The Bay of Parables, discovered by Martin off the beaten tourist track, is a natural amphitheater where one’s Ignatian imagination can see Jesus standing in a boat as the water provides natural acoustics to carry his voice to the crowd on the shore.
And 2000 years on, the Bay of Parables offers other tantalizing tidbits for the fanciful mind. Martin writes:
I was gobsmacked to see rocks, thorns, and fertile ground. No one planted the thorn bushes, carted in topsoil, or arranged the stones to make the locale look as it did in Jesus’ time, as if we were in a theme park called Jesus Land. They were just there.Holy Land pilgrims also quickly learn that the locations of most biblical sites are open to speculation, citing the caveat that if a famous event didn’t happen here, it happened close by.
It dawned on me that when Jesus used objects from nature to convey his message – seeds, rocks, birds, clouds, water – he may not have been talking in generalities, but about things right here.
For example, Golgotha. When I visited Israel in 1974, we were escorted to a site favored by evangelicals as the place Jesus was crucified. The location was endorsed by a 19th century British general, Charles George “Chinese” Gordon because he thought a natural rock formation looked like a skull.
But it is the Church of the Holy Sepulchre in the old city of Jerusalem that scholars say is “almost certainly” Golgotha.
Martin quotes New Testament scholar and archaeologist Jerome Murphy-O’Connor:
The most important argument for the authenticity of the site is the consistent and uncontested tradition of the Jerusalem community, which held liturgical celebrations at the site until AD 66.It doesn’t take Ignatian reverie to realize many of the people who attended those celebrations were alive when Jesus walked the earth and presumably witnessed his death and resurrection.
Jim Martin’s Jesus is a commanding account of the life and times of Jesus and, although I didn’t need it, a persuasive counter argument to those who doubt a man called Jesus walked the earth.

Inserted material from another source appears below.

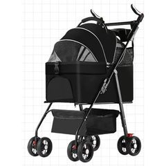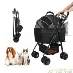 ペットカート 分離型 ペットバギー ワンタッチ折りたたみ 犬 バギー 犬 4輪耐摩耗 猫 犬用 小型犬 前輪360°後輪ブレーキ付 軽量犬用ベビーカー ペットカート 多頭 取り外し可能 ブラック 1

Martin also testifies to the church’s traditional characterization of Jesus as a divinely human conveyer of God’s unconditional love for God’s creation, and – through his miracles – a paradigm of God’s limitless power over disease and death.
Thanks in good measure to Jim Martin’s book, I can imagine myself immersed in that Palm Sunday crowd:
A very large crowd spread their cloaks on the road, and others cut branches from the trees and spread them on the road. The crowds that went ahead of him and that followed were shouting, “Hosanna to the Son of David! Blessed is the one who comes in the name of the Lord! Hosanna in the highest heaven!”When he entered Jerusalem, the whole city was in turmoil, asking, “Who is this?”The crowds were saying, “This is the prophet Jesus from Nazareth in Galilee.” (John 21:8-11)I may, like the crowd, be asking myself, “Who is this?”
Granted, in the years following my born-again Baptist period in the 1960s I wandered down many different paths of understanding of who Jesus is. In my years as an ecumenical communicator I inhaled the smells and danced to the bells of a wide range of marvelous views of Jesus of Galilee.
But, thanks to Jim Martin and a little Ignatian imagination, the Son of David has come closer to me than ever before.
And this Palm Sunday I'll be waving figurative fronds with added enthusiasm, singing hosannahs and blessings to the complicated carpenter who comes in the name of the Lord.